» WHAT IS REQUIRED
Your output must be the lines below from the line containing "plain case with" to the line containing "VIN | AA07-1001441 |", both lines included, reproduced exactly and without pictures.

» LISTED RECORDS
====

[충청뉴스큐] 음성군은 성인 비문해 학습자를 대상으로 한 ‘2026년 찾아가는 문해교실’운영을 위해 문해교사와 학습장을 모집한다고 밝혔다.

====

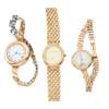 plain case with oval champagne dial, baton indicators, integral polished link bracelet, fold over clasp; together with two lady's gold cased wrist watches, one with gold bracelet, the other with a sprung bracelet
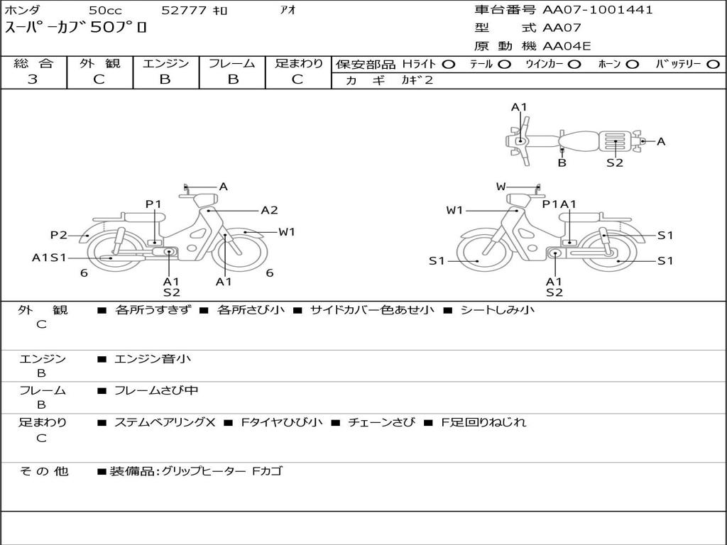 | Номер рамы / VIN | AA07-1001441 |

====

» PROBLEM SOLUTION
 plain case with oval champagne dial, baton indicators, integral polished link bracelet, fold over clasp; together with two lady's gold cased wrist watches, one with gold bracelet, the other with a sprung bracelet
 | Номер рамы / VIN | AA07-1001441 |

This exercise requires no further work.